This doesn't just explain why new paradigms usually are born in Asia, but also why KM inNPOs has been implemented in Asia first too. Societies like Asians and Mediterraneans, all geared on communication and sharing are THE places where to implement KM solutions.

Margaret on challenges:

    • New leaders must invent the future while dealing with the past
    • It is difficult to break with tradition
    • Supporters want them to look familiar
    • There is no room for failure
    • We want them to fail

The thing I find the most challenging is when you pioneer "invent" something new, show it and the Old Boys look at you saying "you have no data". To which I reply "You have stagnant mistakes, and no vision at all". But somehow they prefer to repeat the existing rather than trying something new.

This, too, is about crushing the ego. In order to be a pioneer, you (generic) need to be able to make mistakes and learn from them rather than be defensive of your work. But Westerners, raised to value ego, find excuses over excuses to claim their work remarkable even when it is not. The world will belong to Asians and Mediterraneans, sooner or later, because they have the cultural capability of correcting their mistakes.
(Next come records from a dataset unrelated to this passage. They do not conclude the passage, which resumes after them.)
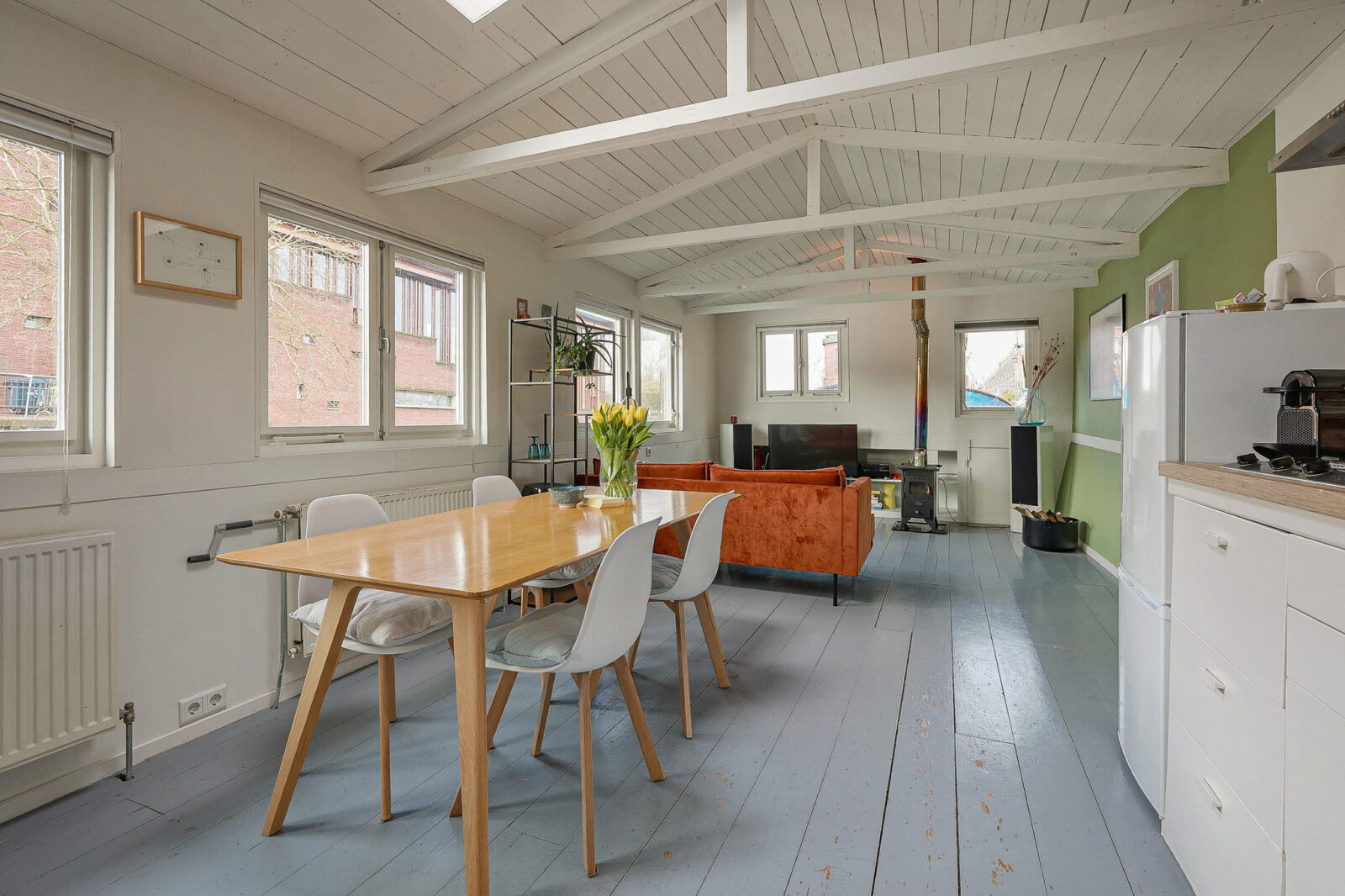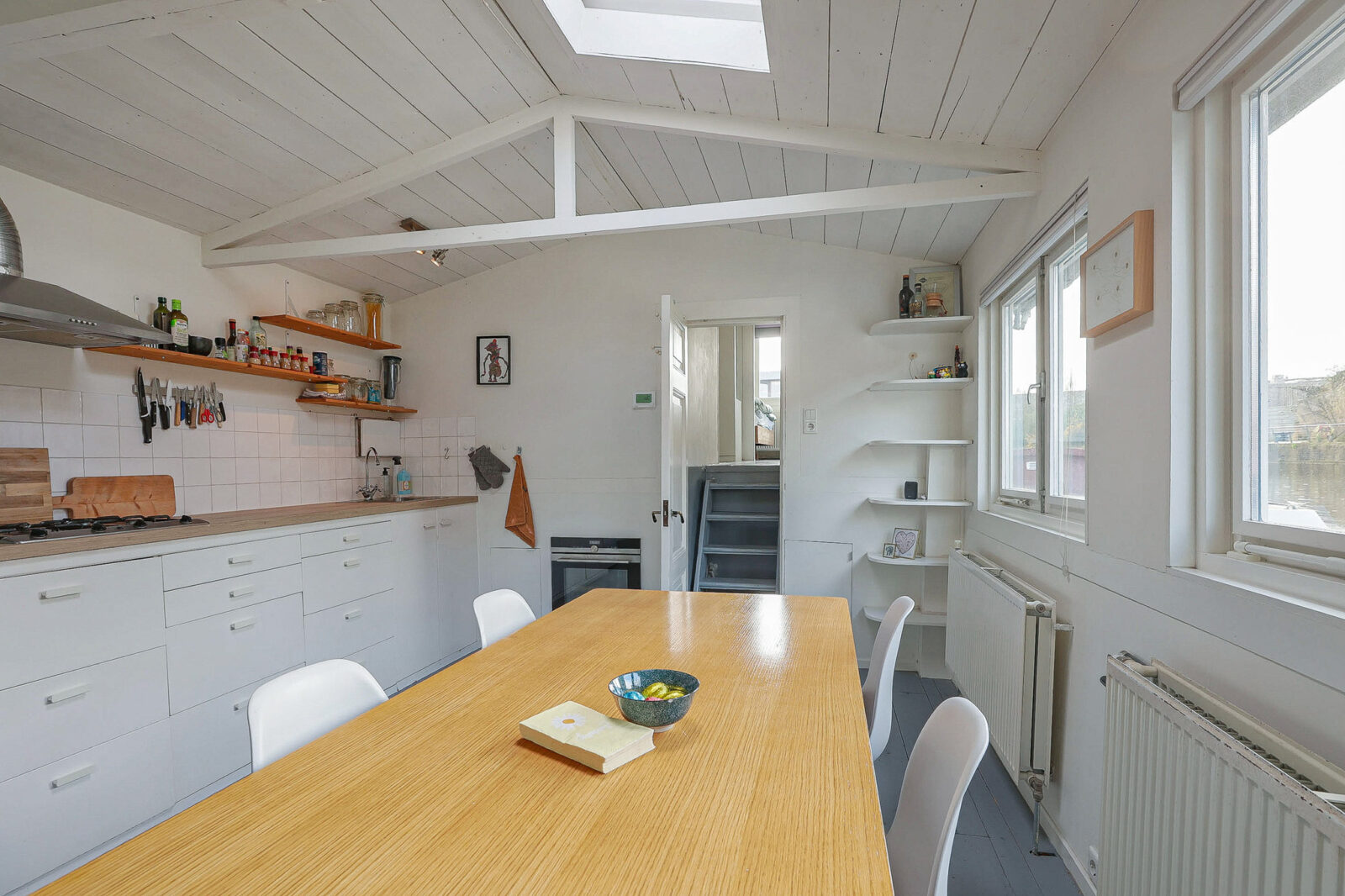 samenkomen op een plek die zelden vrijkomt. Wie dit woonschip binnenstapt, wil er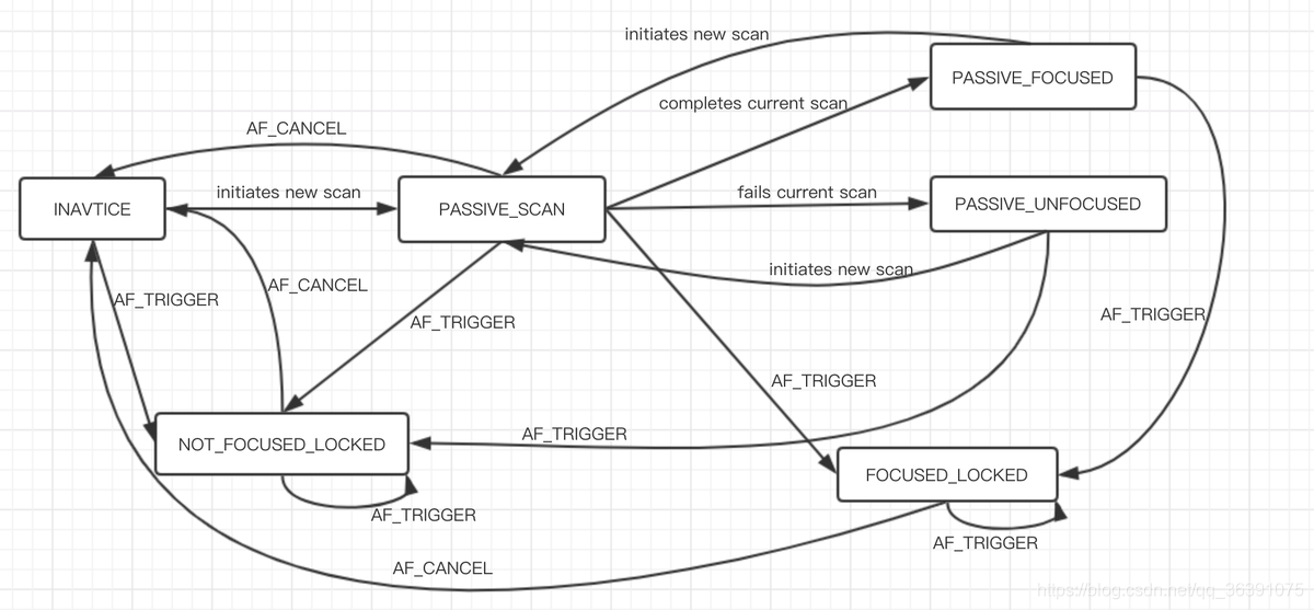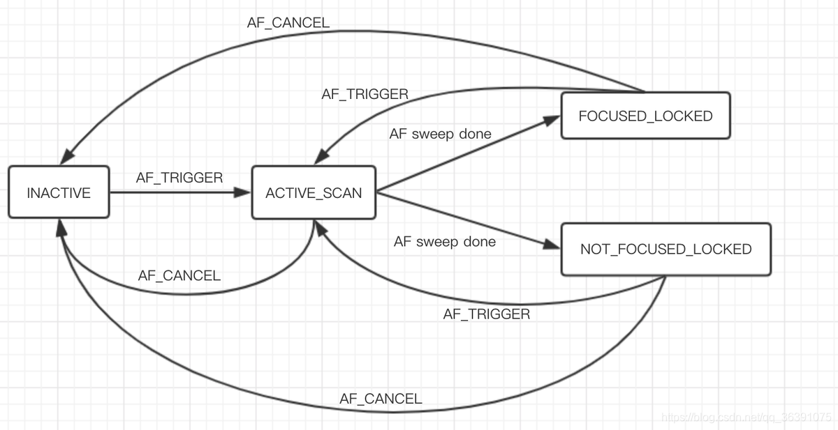 这两个模式下:INACTIVE ,ACTIVE_SCAN ,FOCUSED_LOCKED,NOT_FOCUSED_LOCKED,这四个状态中切换当到达FOCUSED_LOCKED状态时表示对焦成功, 这个时候图像最清晰。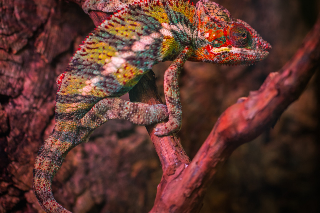 Kameleon ne menja boje da bi se lakše prilagođavao sredini, već je to uslovljeno njegovim raspoloženjem, temeparturom, zdravljem i komunikacijom sa ostalim životinjama. Nemaju sve vrste ovako razvijenu sposobnost i mogu da menjaju samo tri boje: zelenu, sivu i smeđu, dok ima vrsta čiji je spektar boja mnogo veći, među kojima su ružičasta, crvena, tirkizna, narandžasta i mnoge druge.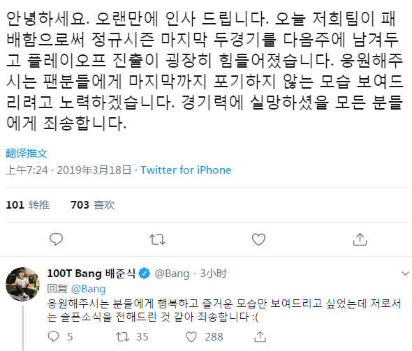 北京时间今日,伴随LCS春季常规赛第八周的比赛全部打完,100T战队在今日继续败北之后,成为北美第一支彻底无缘季后赛的队伍。赛后,已经在推特上沉寂了一段不短时间的Bang用韩语发推,就成绩和发挥一事向所有的粉丝们致歉。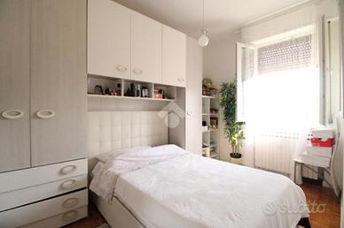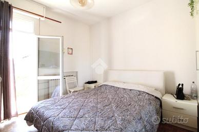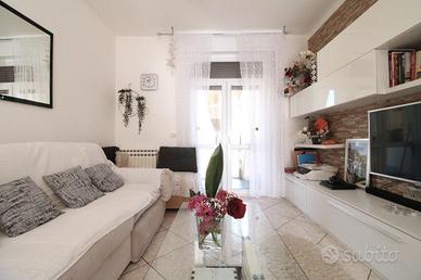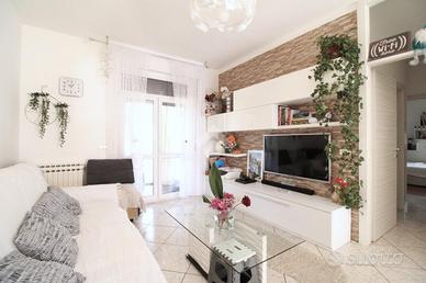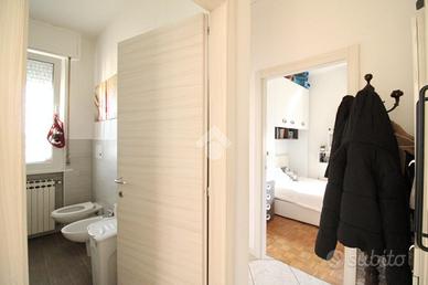 L'ingresso si apre sulla zona giorno, composta da cucina abitabile e salotto: entrambe sono dotate di porta-finestra con affaccio sul balcone, donando così luce e aria ai due ambienti.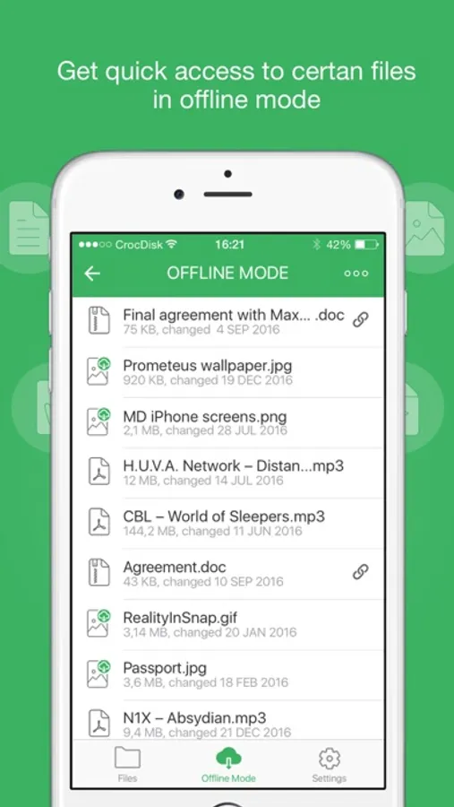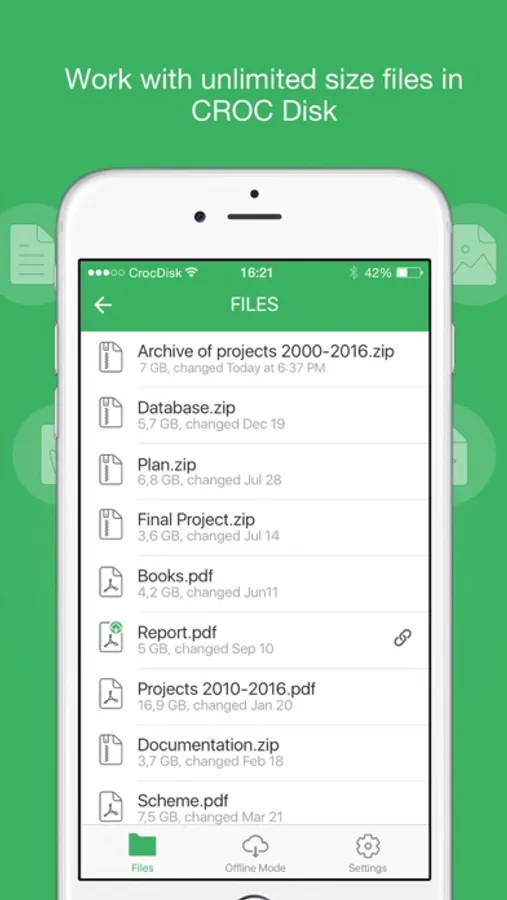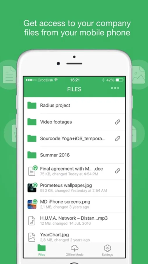 You can store your files in the corporate cloud and use the service on any device. Exchange files within your company and be sure that they are secured. CROC Disk supports the files versioning, which enables users to restore a document earlier version at any time. Even if the Internet connection lacks CROC Disk will ensure your access to the files stored on the local disk so that you can manage them offline.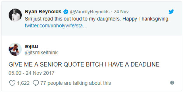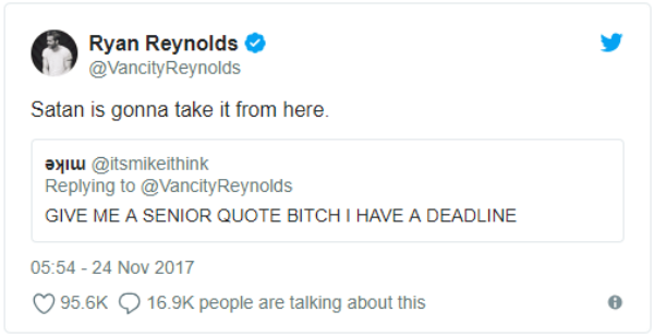 Twitter user @itsmikeithink asked Reynolds back in November, rather forcefully, for a senior quote, tweeting at Reynolds “GIVE ME A SENIOR QUOTE BITCH I HAVE A DEADLINE.”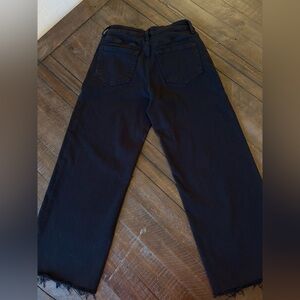 Stylish Vervet high-rise black cropped jeans in size 27. Features raw hem bottoms, a flattering straight-leg cut, and soft stretch denim for all-day comfort. These are the perfect everyday black jeans — dress them up or down easily.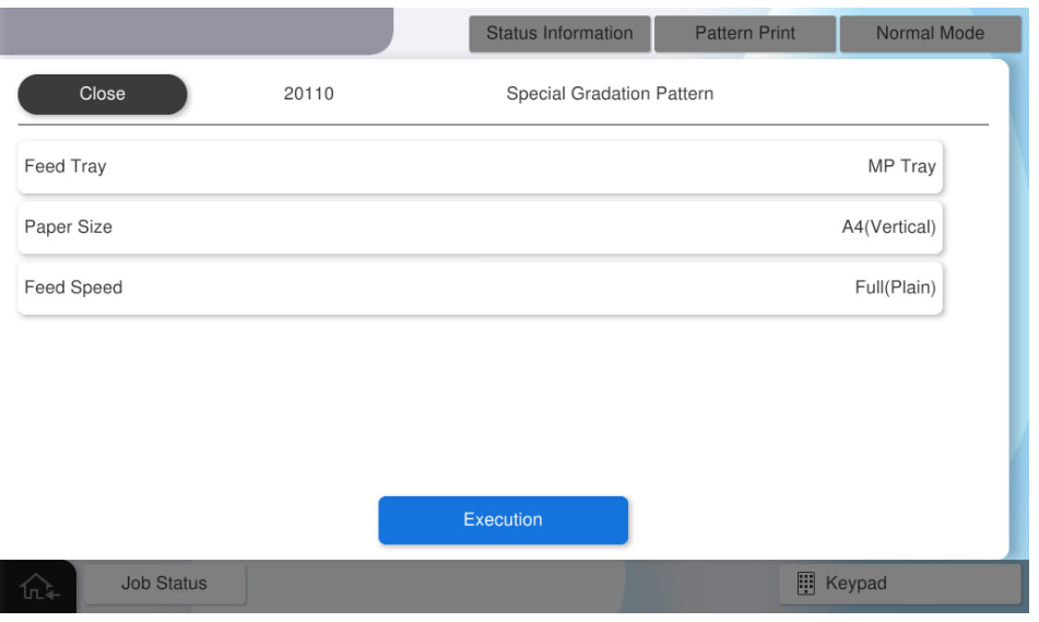 设置项目 选择 进纸托盘 手动进纸器 可用纸张大小 A4(垂直)、Letter(垂直) 打印速度 高速(普通纸)、低速(普通纸)、低速(哑光纸) - 按[Execution](执行)打印图案。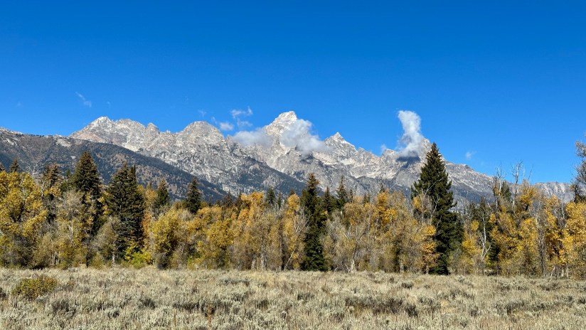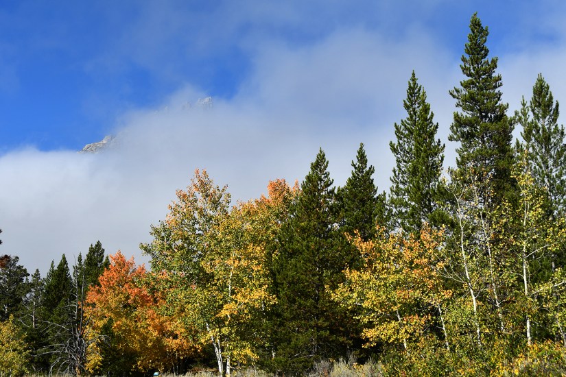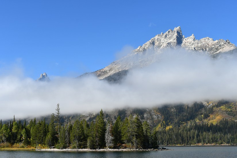 Well, “Falling for Yellowstone” would’ve been a strange name for an adventure day happening in Grand Teton National Park! The final day of adventure was here. We packed up the moist tent for the last time (it was a rockstar when it came to keeping us dry the entire trip!), and headed south from Lewis Lake.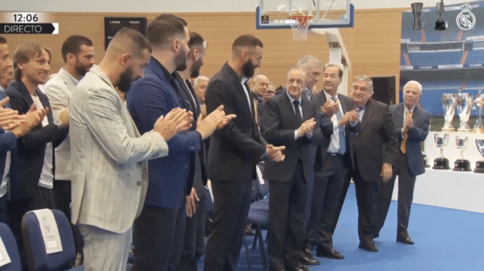 弗洛伦蒂诺给本泽马送上纪念品,一起合影,现场响起掌声。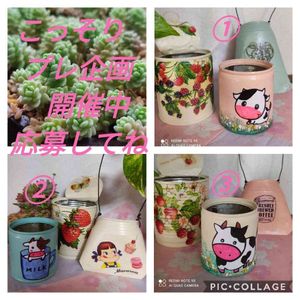 バラと夢CLUB3周年㊗️おめでとうございます🎉🎉🎉 一斉プレ企画、私も初参加させて頂きます(⁎ᴗ͈ˬᴗ͈⁎)🍀*゜ 応募条件 フォロワー様(これからの方もOKです) 日本在住の方 素人の作品とご理解頂ける方 連絡がとれる方 リメ缶、リメ鉢の3個セットになります。 希望の番号を選んで応募して下さいね(⁎ᴗ͈ˬᴗ͈⁎) 💕︎ 締め切りは21日の21時までです。 よろしくお願いしま〜す。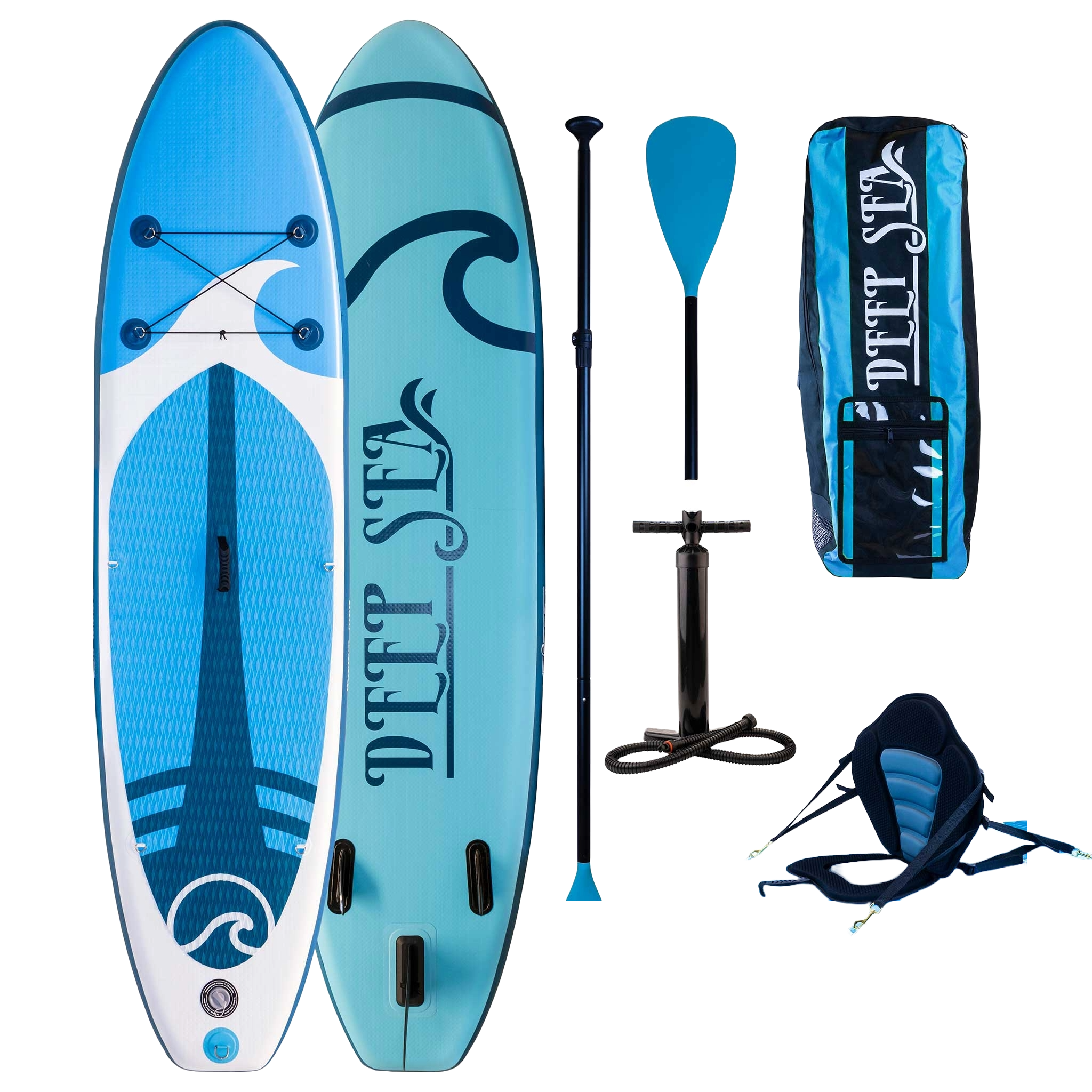 Deska SUP, siedzisko, wiosło, pompka, fin, smycz, plecak transportowy, torba wodoszczelna, wodoszczelne etui na telefon, pasek na ramię, zestaw naprawczy

Furthermore, most of such "scholars" are completely uneducated in philosophy of science and think that when you (generic) contest their results you have to prove yours valid rather than theirs wrong. Amazingly uneducated folks.

Margaret on scientists:

"Thomas Kuhn described the behavior of scientists when confronted with evidence that pointed to a truly new world view. (see The Structure of Scientific Revolutions, 1996, 1974) When the new evidence clearly demonstrated the need for a change in paradigms, scientists were observed working hard to make the evidence conform to their old worldview. In defense of the old, they would discard or reinterpret the data. (This was always done unconsciously.) And in the most startling instances, they actually would be blind to the new information-even with the data in front of them, they literally could not see it. For them, the new did not exist."

This fits with the constructivist approach to learning: in order to learn you (generic) reinterpret new knowledge in light of your (previous) mental models. That basically implies: if your mental models aren't flexible, you're toasted. And that also explains how scientists, that are supposed to be able to criticize theories (theirs own included), if they aren't flexible enough to self-criticize, they can't accomplish much as far as science is regarded.

Margaret on learning and Freire:

"When people understand the forces creating the adverse conditions of their life, and how they might change those forces, they become eager and rapid learners. They are capable of learning sophisticated skills that far surpass traditional assumptions about their intellectual capacity. And they learn these skills faster than anyone would have thought possible."

This is, basically, why support groups do work and also why communities of practice generate new knowledge. Sharing generates new understandings, that are shared, and that generate more knowledge.

Without loosening the sense of ego there is no leadership, no KM, no learning, no sustainability, no CoP. It's all about building some schemes, calling them "best practice" and refusing to hear anything else.